Re: [PATCH] drm/imagination: Clear runtime PM errors while resetting the GPU
From: Matt Coster
Date: Wed Jul 02 2025 - 13:22:54 EST
On 24/06/2025 16:01, Alessio Belle wrote:
> The runtime PM might be left in error state if one of the callbacks
> returned an error, e.g. if the (auto)suspend callback failed following
> a firmware crash.
>
> When that happens, any further attempt to acquire or release a power
> reference will then also fail, making it impossible to do anything else
> with the GPU. The driver logic will eventually reach the reset code.
>
> In pvr_power_reset(), replace pvr_power_get() with a new API
> pvr_power_get_clear() which also attempts to clear any runtime PM error
> state if acquiring a power reference is not possible.
>
> Signed-off-by: Alessio Belle <alessio.belle@xxxxxxxxxx>
Reviewed-by: Matt Coster <matt.coster@xxxxxxxxxx>
I'll apply this to drm-misc-next on Friday if nobody has any objections.
Cheers,
Matt
> ---
> drivers/gpu/drm/imagination/pvr_power.c | 59 ++++++++++++++++++++++++++++++++-
> 1 file changed, 58 insertions(+), 1 deletion(-)
>
> diff --git a/drivers/gpu/drm/imagination/pvr_power.c b/drivers/gpu/drm/imagination/pvr_power.c
> index 41f5d89e78b854cf6993838868a4416a220b490a..65642ded051db83e82e32e3c3e9f82508ad8d4cc 100644
> --- a/drivers/gpu/drm/imagination/pvr_power.c
> +++ b/drivers/gpu/drm/imagination/pvr_power.c
> @@ -340,6 +340,63 @@ pvr_power_device_idle(struct device *dev)
> return pvr_power_is_idle(pvr_dev) ? 0 : -EBUSY;
> }
>
> +static int
> +pvr_power_clear_error(struct pvr_device *pvr_dev)
> +{
> + struct device *dev = from_pvr_device(pvr_dev)->dev;
> + int err;
> +
> + /* Ensure the device state is known and nothing is happening past this point */
> + pm_runtime_disable(dev);
> +
> + /* Attempt to clear the runtime PM error by setting the current state again */
> + if (pm_runtime_status_suspended(dev))
> + err = pm_runtime_set_suspended(dev);
> + else
> + err = pm_runtime_set_active(dev);
> +
> + if (err) {
> + drm_err(from_pvr_device(pvr_dev),
> + "%s: Failed to clear runtime PM error (new error %d)\n",
> + __func__, err);
> + }
> +
> + pm_runtime_enable(dev);
> +
> + return err;
> +}
> +
> +/**
> + * pvr_power_get_clear() - Acquire a power reference, correcting any errors
> + * @pvr_dev: Device pointer
> + *
> + * Attempt to acquire a power reference on the device.

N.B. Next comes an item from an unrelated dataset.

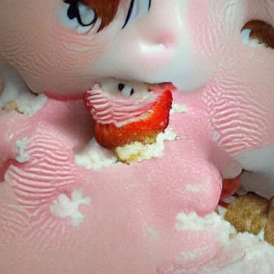 This image shows a vibrant and whimsical illustration of Strawberry Shortcake. The AI interpretation provides a cheerful and colorful depiction.

If the runtime PM
> + * is in error state, attempt to clear the error and retry.
> + *
> + * Returns:
> + * * 0 on success, or
> + * * Any error code returned by pvr_power_get() or the runtime PM API.
> + */
> +static int
> +pvr_power_get_clear(struct pvr_device *pvr_dev)
> +{
> + int err;
> +
> + err = pvr_power_get(pvr_dev);
> + if (err == 0)
> + return err;
> +
> + drm_warn(from_pvr_device(pvr_dev),
> + "%s: pvr_power_get returned error %d, attempting recovery\n",
> + __func__, err);
> +
> + err = pvr_power_clear_error(pvr_dev);
> + if (err)
> + return err;
> +
> + return pvr_power_get(pvr_dev);
> +}
> +
> /**
> * pvr_power_reset() - Reset the GPU
> * @pvr_dev: Device pointer
> @@ -364,7 +421,7 @@ pvr_power_reset(struct pvr_device *pvr_dev, bool hard_reset)
> * Take a power reference during the reset. This should prevent any interference with the
> * power state during reset.
> */
> - WARN_ON(pvr_power_get(pvr_dev));
> + WARN_ON(pvr_power_get_clear(pvr_dev));
>
> down_write(&pvr_dev->reset_sem);
>
>
> ---
> base-commit: 1a45ef022f0364186d4fb2f4e5255dcae1ff638a
> change-id: 20250619-clear-rpm-errors-gpu-reset-359ecbc85689
>
> Best regards,
> --
> Alessio Belle <alessio.belle@xxxxxxxxxx>
>
--
Matt Coster
E: matt.coster@xxxxxxxxxx
Attachment:
OpenPGP_signature.asc
Description: OpenPGP digital signature